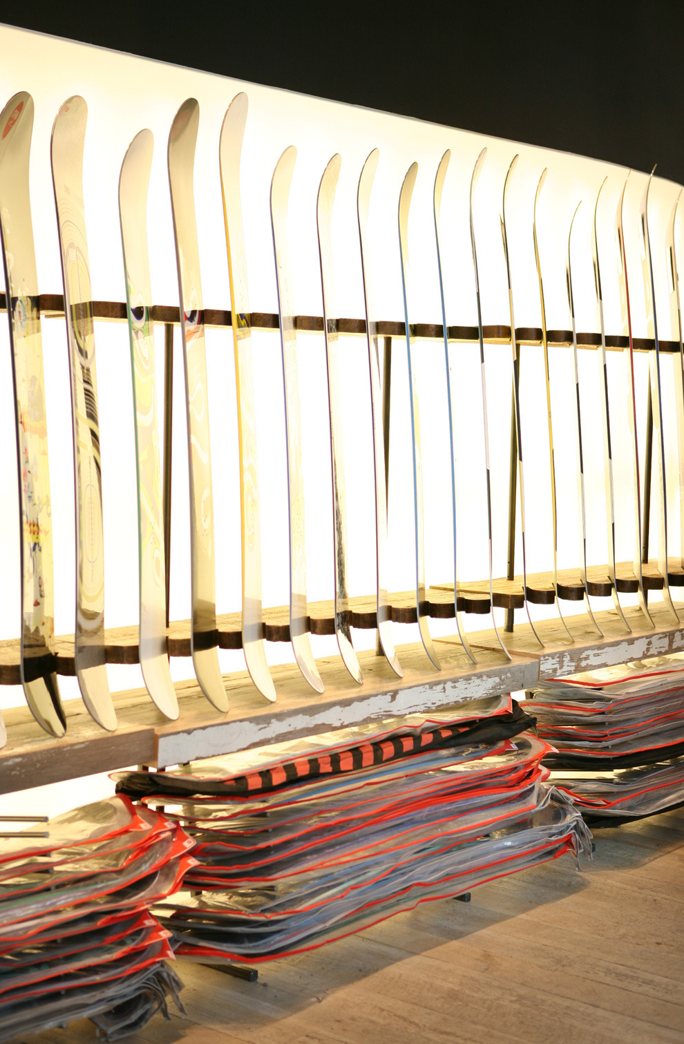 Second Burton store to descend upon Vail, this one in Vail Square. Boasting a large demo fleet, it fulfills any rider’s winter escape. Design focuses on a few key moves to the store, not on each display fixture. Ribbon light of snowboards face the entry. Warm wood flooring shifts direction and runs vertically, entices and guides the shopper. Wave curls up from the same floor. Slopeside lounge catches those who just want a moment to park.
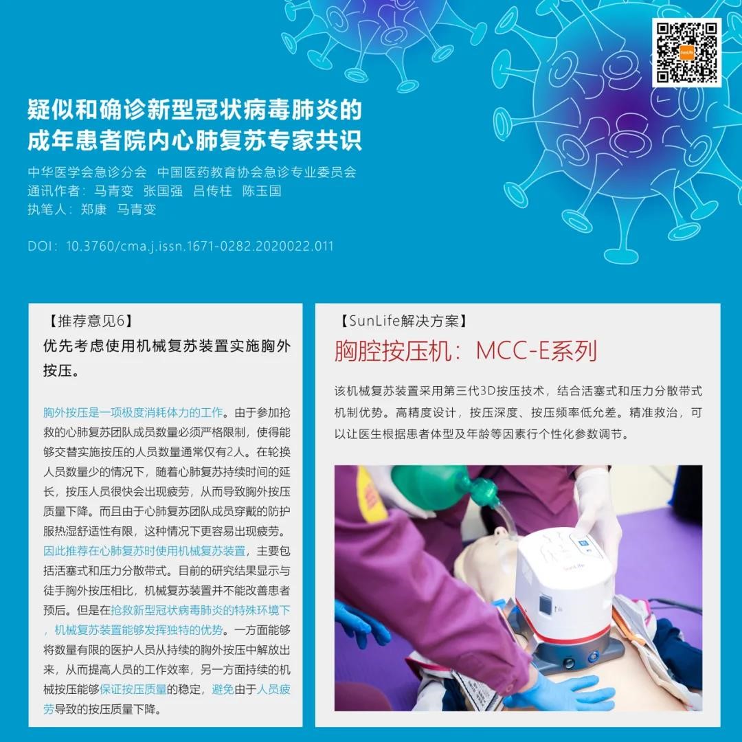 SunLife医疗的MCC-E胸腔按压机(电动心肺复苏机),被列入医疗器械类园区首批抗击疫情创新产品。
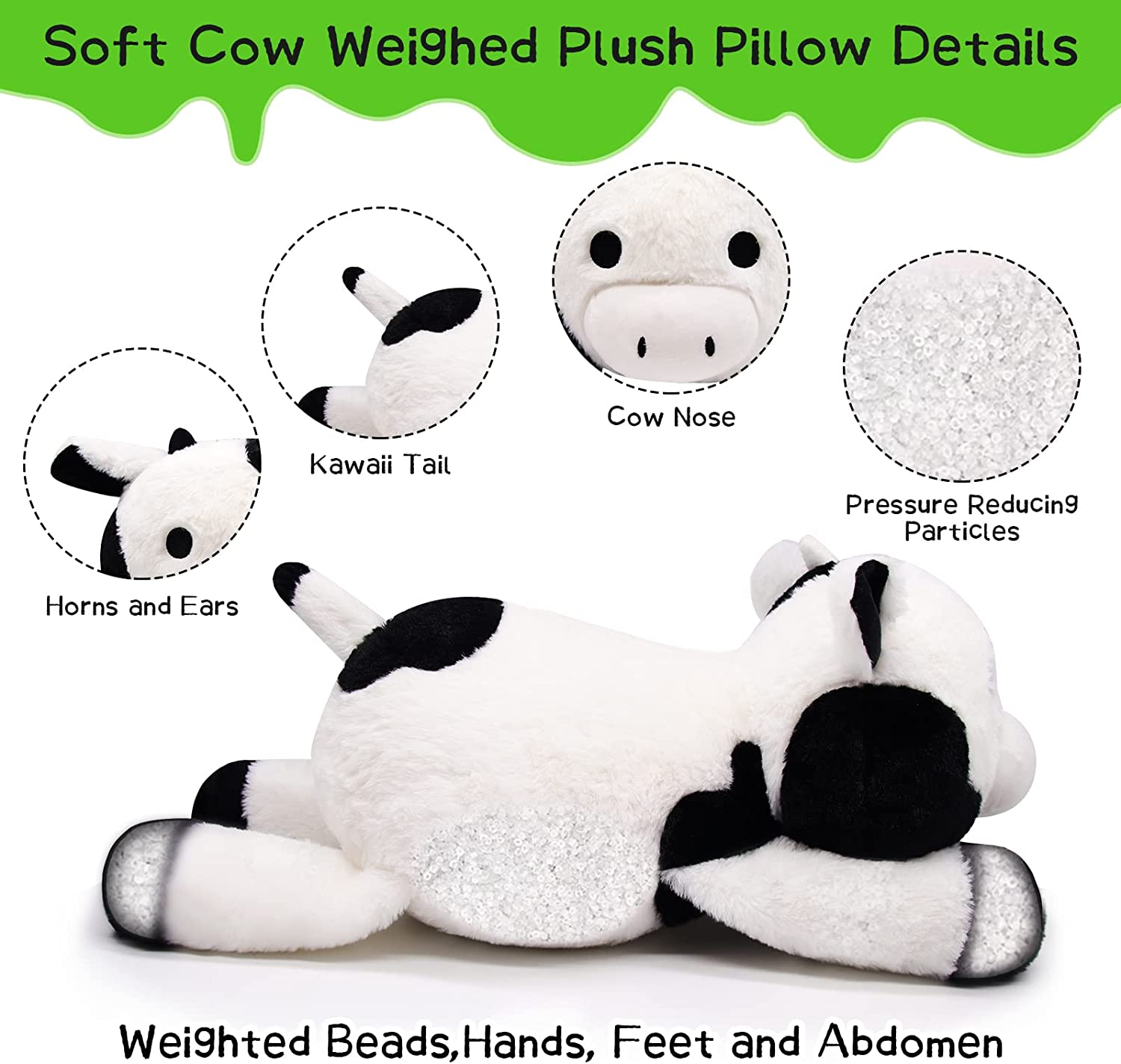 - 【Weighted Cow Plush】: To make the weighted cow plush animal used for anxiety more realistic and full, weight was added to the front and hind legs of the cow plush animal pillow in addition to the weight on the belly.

▶ WHAT IS EXPECTED
From the first line of the material to the last, retype everything exactly except the images.

▶ ANSWER AREA
 Second Burton store to descend upon Vail, this one in Vail Square. Boasting a large demo fleet, it fulfills any rider’s winter escape. Design focuses on a few key moves to the store, not on each display fixture. Ribbon light of snowboards face the entry. Warm wood flooring shifts direction and runs vertically, entices and guides the shopper. Wave curls up from the same floor. Slopeside lounge catches those who just want a moment to park.
 SunLife医疗的MCC-E胸腔按压机(电动心肺复苏机),被列入医疗器械类园区首批抗击疫情创新产品。
 - 【Weighted Cow Plush】: To make the weighted cow plush animal used for anxiety more realistic and full, weight was added to the front and hind legs of the cow plush animal pillow in addition to the weight on the belly.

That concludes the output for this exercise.